WHAT THIS TASK INVOLVES: Every line from the one holding "沈陽市和平區(qū)南七馬路29號部分房產(chǎn)轉(zhuǎn)讓" through the one holding "6、烧制成功后,可以再选择瓶子的部件,色彩,线条,条纹等" in the data below must be returned exactly, both ends included, with pictures left out and nothing else added.

DATA EXCERPTS:
++++++
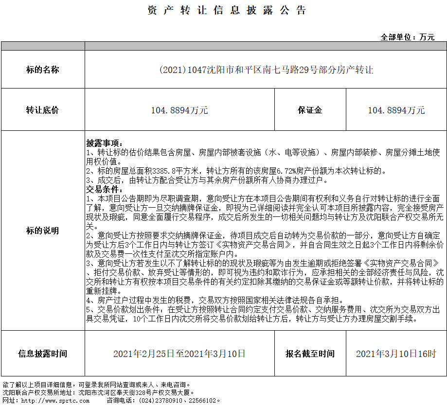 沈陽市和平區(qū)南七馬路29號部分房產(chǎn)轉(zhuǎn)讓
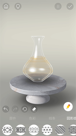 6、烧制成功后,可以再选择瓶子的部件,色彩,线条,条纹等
++++++
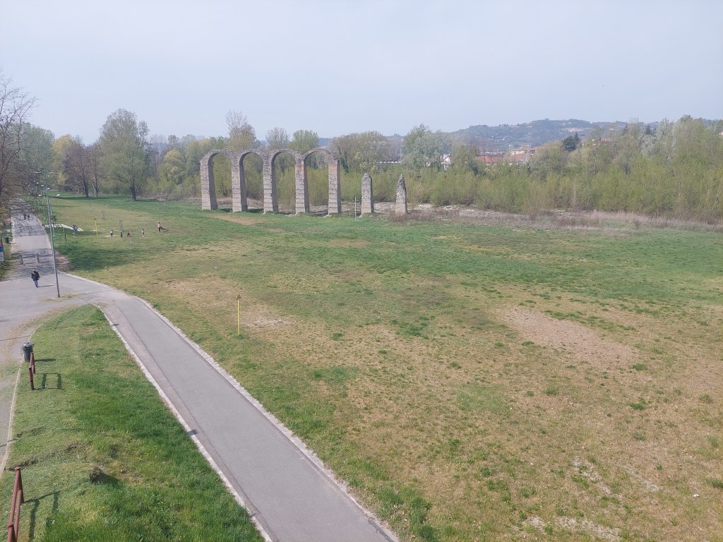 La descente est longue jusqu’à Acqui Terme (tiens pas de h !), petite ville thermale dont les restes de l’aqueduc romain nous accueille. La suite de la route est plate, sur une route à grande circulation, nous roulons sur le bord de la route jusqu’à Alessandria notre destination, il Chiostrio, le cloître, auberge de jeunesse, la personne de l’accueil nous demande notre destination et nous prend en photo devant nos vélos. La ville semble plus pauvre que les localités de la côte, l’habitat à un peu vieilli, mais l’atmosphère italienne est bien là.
++++++
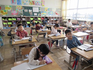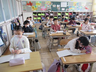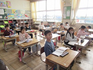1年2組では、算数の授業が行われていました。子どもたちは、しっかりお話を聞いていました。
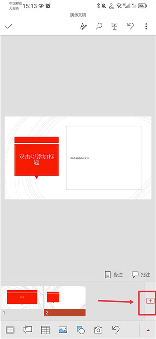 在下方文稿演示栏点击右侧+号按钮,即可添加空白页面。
++++++
OUTPUT FOR THIS EXERCISE:
 沈陽市和平區(qū)南七馬路29號部分房產(chǎn)轉(zhuǎn)讓
 6、烧制成功后,可以再选择瓶子的部件,色彩,线条,条纹等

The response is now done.